악성 채팅 분류 모델

주제 선정 이유

악성 채팅 문제가 최근 온라인 상에서 많은 문제가 되고 있음
채팅 검열 시스템의 잘못된 판단으로 정상 유저들을 악성 유저로 판단하는 문제가 종종 발생
딥러닝을 통하여 악성채팅을 정확하게 분류하고자 함

프로젝트 방법

1. Data Preprocessing

1-1. Data Labeling, Sampling

분류 모델 사용을 위해 Target값을 0.5를 기준으로 Toxic label 할당 및 Sampling을 통해 데이터 불균형 문제 해소

data_df = data[['id','comment_text','target']]

# set index
data_df.set_index('id', inplace=True)

# y_label
data_df['label'] = np.where(data_df['target'] >= 0.5, 1, 0) # Label 1 >= 0.5 / Label 0 < 0.5
#train_df.drop(['target'], axis=1, inplace=True)

# 언더샘플링 이용해서 불균형 문제 해소

# toxic nontoxic 분류
toxic = data_df[data_df['label']==1]
nontoxic = data_df[data_df['label']==0]

# nontoxic 에서 toxic 만큼 샘플링
nontoxic = nontoxic.sample(n=len(toxic),random_state =1018)

1-2. Remove Stopwords, Punctuations, Emojis

모델 학습 속도와 정확도를 위해 Stopword(are, is ...)와 Punctuation(!, ?, ..) 이모지 제거함수 정의

## Clean Punctuation & Stopwords
class clean_text:
	def __init__(self, text):
		self.text = text
	
	# Remove Punctuation
	def rm_punct(text):
		punct = set([p for p in "…/-'?!.,#$%\'()*+-/:;<=>@[\\]^_`{|}~`" + '""“”’' + '∞θ÷α•à−β∅³π‘₹´°£€\×™√²—–&'])
		text = [t for t in text if t not in punct]
			
		return "".join(text)

	# Remove Stopwords
	def rm_stopwords(text):
		word_tokens = word_tokenize(text)   
		result = [w for w in word_tokens if w not in stop_words]
				
		return " ".join(result)
## Clean Emoji
# 이모지 제거 함수 정의
import re

text_test = u'This dog \U0001f602'
print(text_test) # with emoji

emoji_pattern = re.compile("["
        u"\U0001F600-\U0001F64F"  # emoticons
        u"\U0001F300-\U0001F5FF"  # symbols & pictographs
        u"\U0001F680-\U0001F6FF"  # transport & map symbols
        u"\U0001F1E0-\U0001F1FF"  # flags (iOS)
                           "]+", flags=re.UNICODE)

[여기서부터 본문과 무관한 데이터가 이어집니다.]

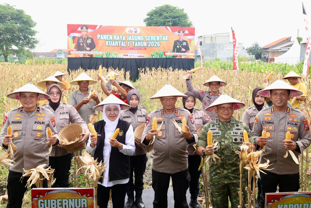 Sidoarjo, bnewsnasional.id - Kepolisian Daerah Jawa Timur menggelar Panen Raya Jagung Serentak Kuartal IV Tahun 2025–2026 sebagai wujud dukungan terhadap program Swasembada Pangan Nasional.

1-3. Data Tokenizing, Sequencing, Padding

모델 학습을 위해선 문장을 단어별로 Tokenizing 한 후 Sequence Data로 만들어야
각 Sequence Data가 같은 길이를 가져야 학습 가능하므로 Padding해서 길이를 맞춰준다

## tokenize
max_words = 100000
tokenizer = text.Tokenizer(num_words=max_words) # Tokenizer 객체생성
tokenizer.fit_on_texts(X_train)	# 토큰 별 word index 생성

# texts_to_sequences
sequences_text_train = tokenizer.texts_to_sequences(X_train)
sequences_text_test = tokenizer.texts_to_sequences(X_test)

# padding
max_len = max(len(l) for l in sequences_text_train)
pad_train = pad_sequences(sequences_text_train, maxlen=max_len)
pad_test = pad_sequences(sequences_text_test, maxlen=max_len)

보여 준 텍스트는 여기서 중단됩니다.